Titan might be a better description than giant for Bruce Bascom. Throughout the book we are only given glimpses of the size and reach of the Bascom operation. Just the numbers bandied about in the book give pause. $250,000 trailers of barrels in, out, in and out. A warehouse in Quebec on one page then shipping 25 tons of sugar packets to Japan…a month… on another. More trailers of barrels in and out. The sales during his April 2012 open house weekend, $250,000. Then watch out, more trailers. The USDA says only 2 million gallons were produced in the poor 2012 season in the US. And Bascom had just completed a new refrigerated cooler to hold 750,000 gallons of barrels, which sparked his famous quip, “I got all of Maine in my basement.”

Bascom and his family lieutenants were quintessential innovators. Early to dump buckets for tubing. Early to recognize the power of thinning maple groves. Early to use reverse osmosis. Early to boil with steam. And perhaps his greatest achievement, back to the roots of the industry, conquering the high volume production of maple sugar. His sugar machines purportedly heat low grade or even damaged syrup under vacuum, resulting in a lower boiling point thus less caramelization, and still producing great maple sugar.

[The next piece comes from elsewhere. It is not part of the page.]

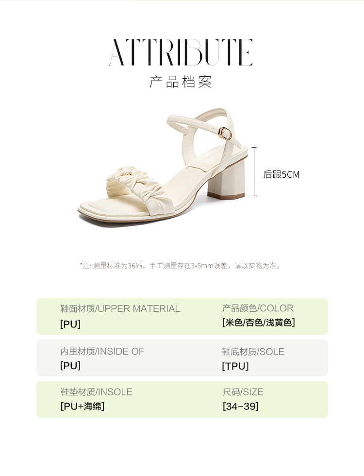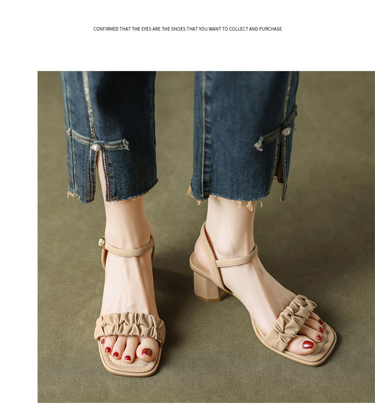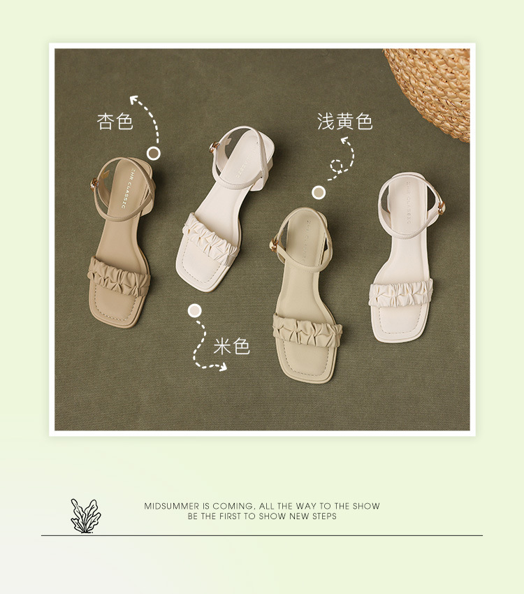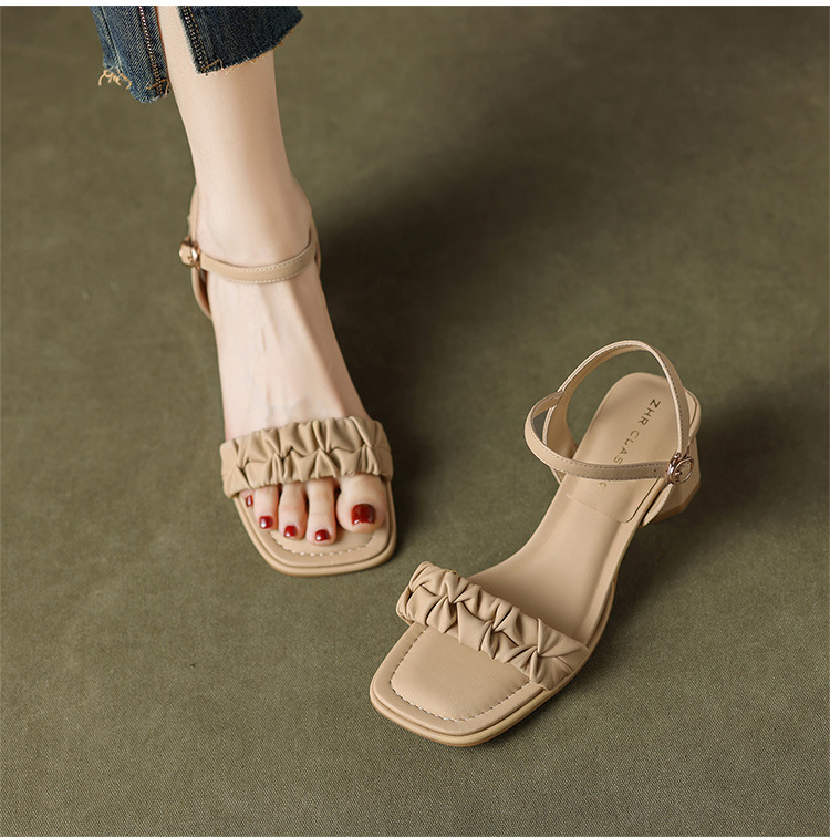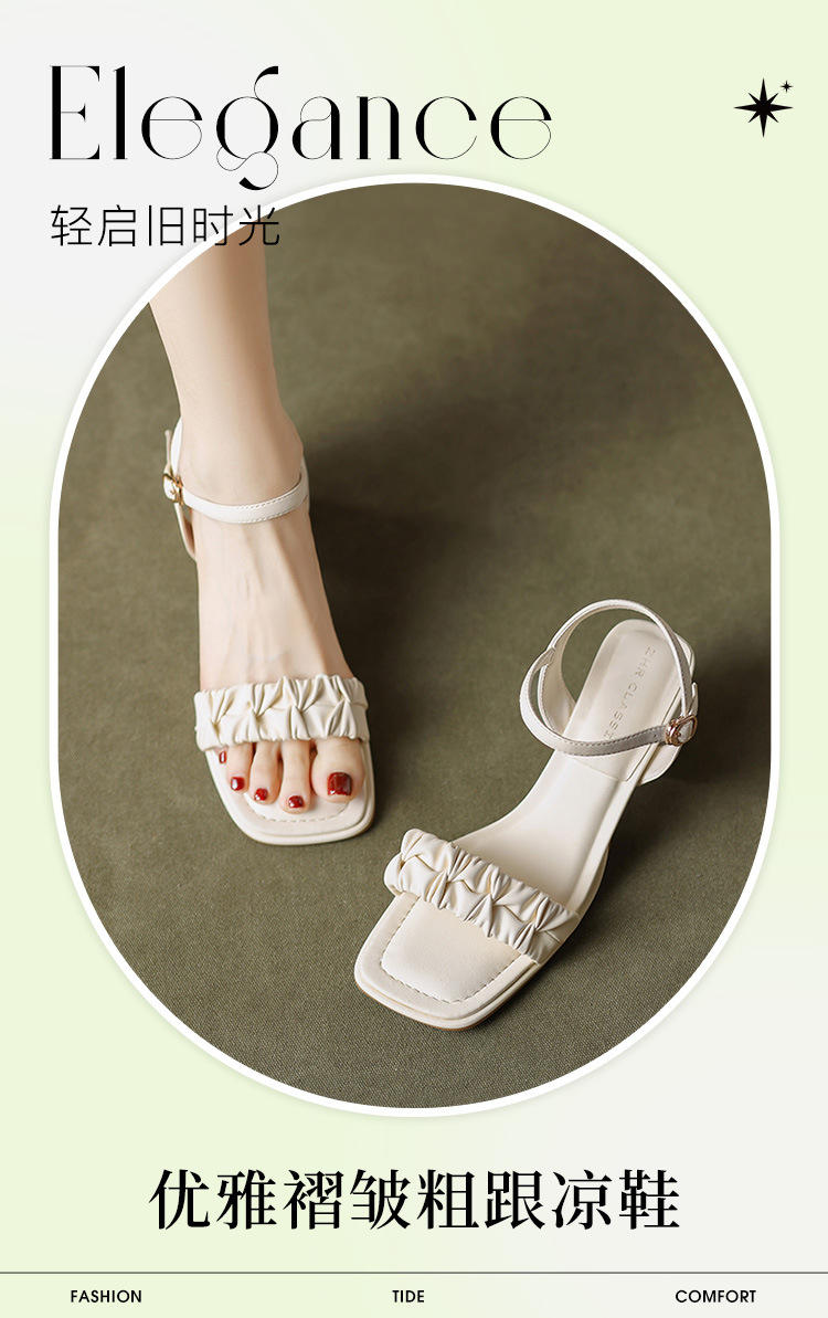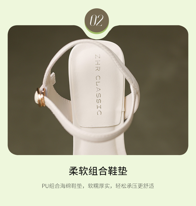 ZHR粗跟凉鞋女款2024夏季新款外穿仙女公主风高级一字带高跟女鞋

But it was sales manager Coombs that really allowed the petal to hit the metal. Sprinkled over the book, like fine magic sugar, is the Bascom creed of locking in the demand and then worrying about the supply and its inherent cost. Running with the big conglomerate dogs means chain store shelf space, international sales and bulk ingredient sales, all in vast volumes and inherent headaches. Unfathomable volumes if you’re chucking wood into a 2X6. Yet everything is just another drop in the bucket for Coombs’ ability. There is no question Bascom is an ace commodity trader, but it was not 100% pure maple syrup speculation, he had contracts to fulfill. And in a worse case, there was always tapping the famed Strategic Reserve on the other side of the border, being only a question of price and the interest costs of holding inventory, gut wrenching as it might be.

The added bonus to this book is Whynott’s chronicles of his travels in Mapleland. Dozens of memorable characters and antidotes from both sides of the border. From Bascom’s neighbor and forester, Peter Rhodes, selling thousands of gallons of sap while still raw boiling hundreds in his family’s rustic sugarhouse, to the producers and buyers on Maine’s remote Gold Road, whose only access is through Canada.

Of course, there is a downside to all stories. None of the children are interested in succession. Sugar House Road is remote; no natural gas line, no sewer line, high NH electrical costs, poor road infrastructure, limited labor pool, but it does have a great view, south and west, of Vermont. However, in perspective, that horizon is so close, almost claustrophobic, when the market balloons to worldwide. And this is a story of an ancient maple season now 10 years before high brix. Extrapolate and fast forward to today.